第11回 雨の日に事故が多い理由
2015/06/11
日本列島は梅雨の季節に入りました。
雨が降らない日と雨の日。
「雨の日のほうが、交通事故が多い」ことは想像できるしょう。
交通事故の統計を調べている「全日本安全協会」によると、
その数はおよそ5倍。
つまり、これからしばらくは、
特に気を引き締めてクルマの運転をするべき時期。
今週は「雨の日に事故が多い理由」をおとどけしました。
コメントは国際自動車ジャーナリスト
清水和夫(しみず・かずお)さんでした。
雨の日に事故が増える理由は大きく2つ。
1つは雨によって視界が悪くなること。
もう1つはタイヤが滑りやすくなること。
ドライバーにとって雨が降ると
雨そのもの、ワイパー、周囲が暗くなることで
雨が降っていない時より、視界が悪くなります。
夜ならなおさら。
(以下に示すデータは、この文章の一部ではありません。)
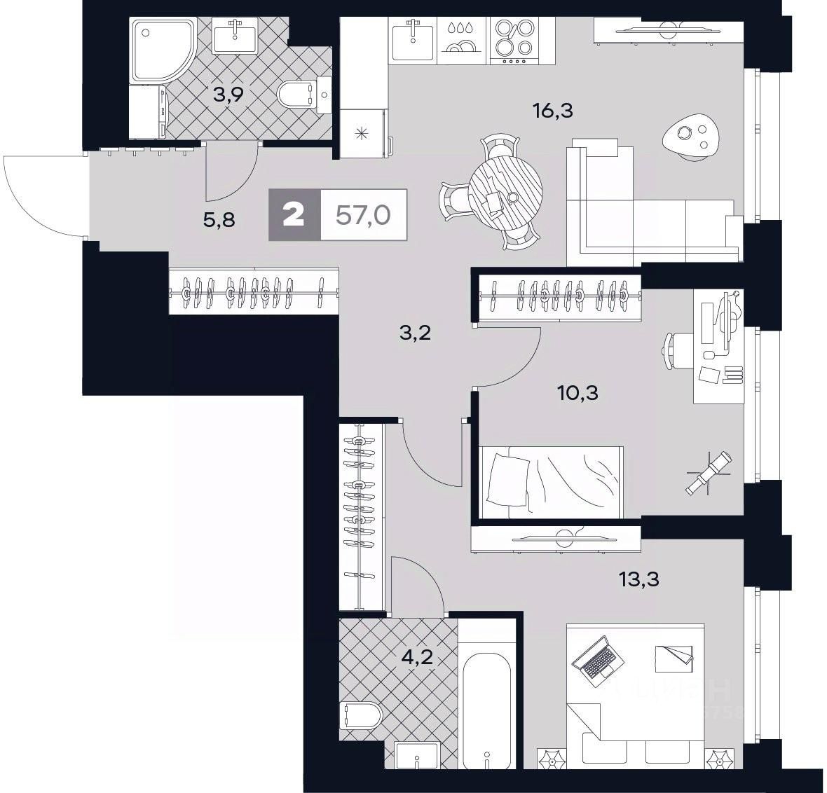 Общая площадь57 м²
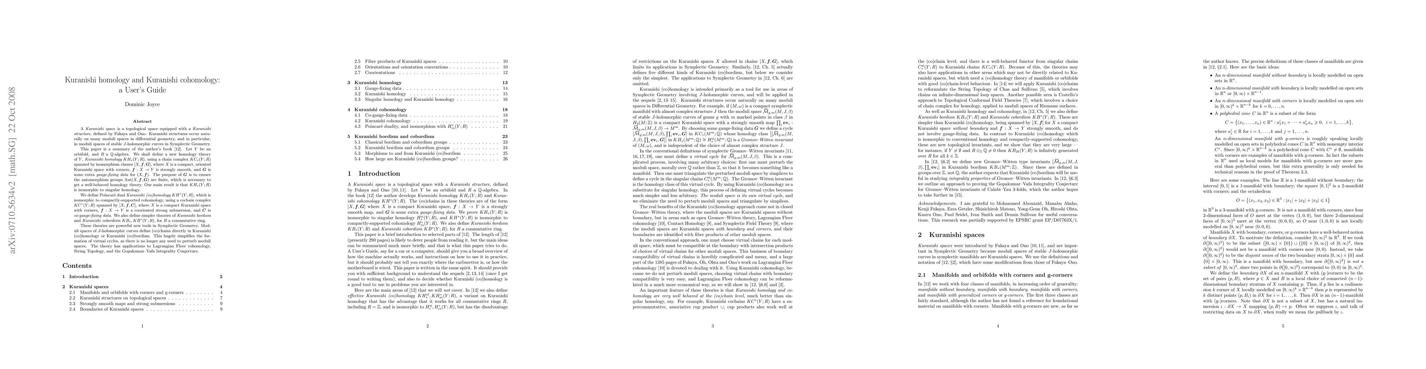 A Kuranishi space is a topological space with a Kuranishi structure, defined by Fukaya and Ono. Kuranishi structures occur naturally on moduli spaces of J-holomorphic curves in symplectic geometry. This paper is a brief introduction to the author's book arXiv:0707.3572. Let Y be an orbifold and R a Q-algebra. We define the Kuranishi homology KH_*(Y;R) of Y with coefficients in R. The chain complex KC_*(Y;R) defining KH_*(Y;R) is spanned over R by [X,f,G], for X a compact oriented Kuranishi space with corners, f : X --> Y smooth, and G "gauge-fixing data" which makes Aut(X,f,G) finite. Our main result is that KH_*(Y;R) is isomorphic to singular homology. We define a Poincare dual theory of Kuranishi cohomology KH^*(Y;R), isomorphic to compactly-supported cohomology, using a cochain complex KC^*(Y;R) spanned over R by [X,f,C], for X a compact Kuranishi space with corners, f : X --> Y a submersion, and C "co-gauge-fixing data". We also define simpler theories of Kuranishi bordism KB_*(Y;R) and Kuranishi cobordism KB^*(Y;R), for R a commutative ring. These are new topological invariants, and we show they are very large. These theories are powerful new tools in symplectic geometry. Defining virtual cycles and chains for moduli spaces of J-holomorphic curves is trivial in Kuranishi (co)homology. There is no need to perturb moduli spaces, and no problems with transversality. This gives major simplifications in Lagrangian Floer cohomology.

スピードを出していてもなおさら。
ドライバーは運転に必要な情報の9割以上を目から得ているといいます。
さらに車外の「音」の情報も、雨音に遮断されかねません。
さらに歩行者や自転車の運転者も傘をさすことで、
また雨を避けるために下を向くことで視界は狭くなります。
以上のことから、当然、事故の危険性は高まります。
雨が降ったら、それはいつも以上に、安全運転を心がける合図です。
そして、もう1つのタイヤが滑りやすくなってしまうこと。
これは「グリップ力」と呼ばれる摩擦力に関わっています。
タイヤが路面と接している面積はハガキ1枚ほどの面積。
ゴム素材と路面の間に生じる摩擦力があってはじめて
クルマは前後に走り、左右に曲がり、止まります。
ところが水によって、その摩擦力は減少。
操作がしにくくなるのです。
その最たるものが、教習所で習ったこと覚えていますか?
「ハイドロプレーニング現象」。
道路の水たまりの水深が深くなるとタイヤの溝で雨水を掻き出しきれず、
車体が水上飛行機のように水たまりの上で浮いた状態になってしまうのです。
そうすると水の量、スピード、タイヤの磨耗具合と比例して
氷上をスケーティングするように滑ってしまいます。
ハンドルを切ること、ブレーキをかけることが出来ないかもしれません。
ただ、ハイドロプレーニング現象だと思った時には急な操作は禁物。
ハンドルを切る、ブレーキをかけるはやってはいけないこと。
落ち着いて、スピードが落ちるのを待てば、タイヤが路面に接するようになります。
ハイドロプレーニング現象が起こらないようにするには、
雨の日の運転はスピードを出さないこと。
日頃からタイヤのチェックをしておくことです。
一応、新品のタイヤの溝が10だとすると3までは使用してもいいことになっていますが、
タイヤは使えば使うほど磨耗していきます。
ハイドロプレーニング現象の危険性は日に日に高まっているのです。
そこで、5割ぐらい減ったことを目安に、新しいものと交換するといいでしょうというのが
清水さんのお話しでした。
雨の日に事故が多い原因は視界不良とタイヤが滑りやすくなること。
ふだんのタイヤ点検を怠らず、雨の日にはスピードを控えて、
ワイパーを動かしたら自分の安全スイッチも入れるよう心がけるようにしましょう。